As you probably know, Apache httpd is an open source project, and also free software. Basically it means that it is being written by people who are not being paid for the time they spend writing it. Considering that Apache httpd is being used succesfully on literally hundreds of thousands of websites worldwide, one would also have to admit that these people are competent and know what they are doing. It also means that you get the result, a piece of software that manages hundreds of thousands of websites worlwide and has cost thousands of man-hours of work, entirely for free.

Apache httpd is being improved somewhat over time by people who submit suggestions, but mainly by people who follow-up these suggestions by contributing what is known as a "patch" (a code modification) implementing their suggestion. Such a suggestion, when accompanied by a patch, tends to be taken more seriously by the Apache httpd code contributors, than a mere (relatively gratuitious) suggestion on a user's mailing list. It is taken more seriously, because it shows that the person who made the suggestion, at least looked at the code, understood it to some extent, made some change, tested it, and found it to have some benefit and no obvious nefarious consequences. If you are really a programmer, you will understand the world of difference between this, and merely making a suggestion on a mailing list, based on one particular situation, unverified and uncorroborated by anyone else.
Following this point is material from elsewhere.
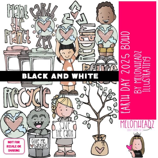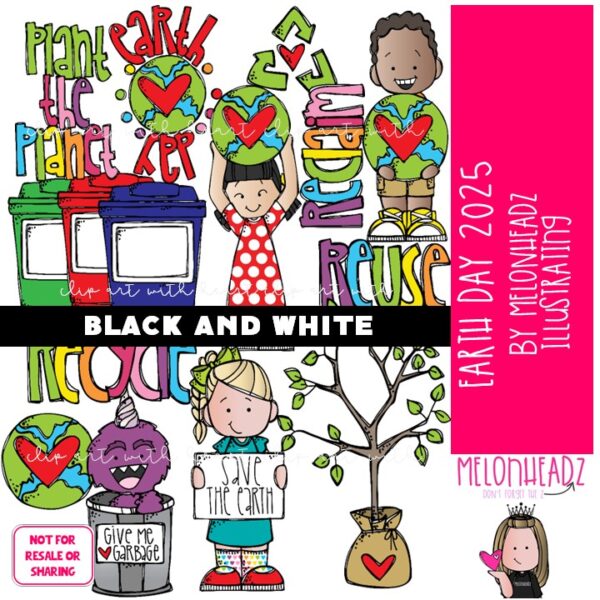 Earth Day clip art Recycling clip art Environmental Awareness Day clip art BLACK AND WHITE: This illustrated set contains all of the clip art images as shown in the preview picture. BLACK AND WHITE illustrations only.

The way I personally understand your last paragraph above however, it seems to imply that based on the inherent worth of your insight, you somehow expect everyone to be in awe, and someone else to do the rest of the work for you. That is not how open source projects work, and certainly not Apache httpd, where any apparently harmless change could ruin the day of 10,000 website administrators.

I am not saying that your suggestion is without merit. But although I am a mere Apache user, knowing how central DNS is to the entire fabric and function of the WWW, I would myself expect quite a bit more "backup" to such a suggestion, before I even spent some time trying to figure out what benefits it could bring, and what other consequences it might have. Wow, if this option was set in the Apache main configuration, should it automatically be inherited by all Virtual Hosts ? does it mean that SSL would not work anymore ? what about "Allow from mycompany.com" ? what if some embedded mod_perl or mod_php application tries to do a DNS lookup via an Apache library call ?

Does the above provide some insight as to the tongue-in-cheek answers you have been getting so far ?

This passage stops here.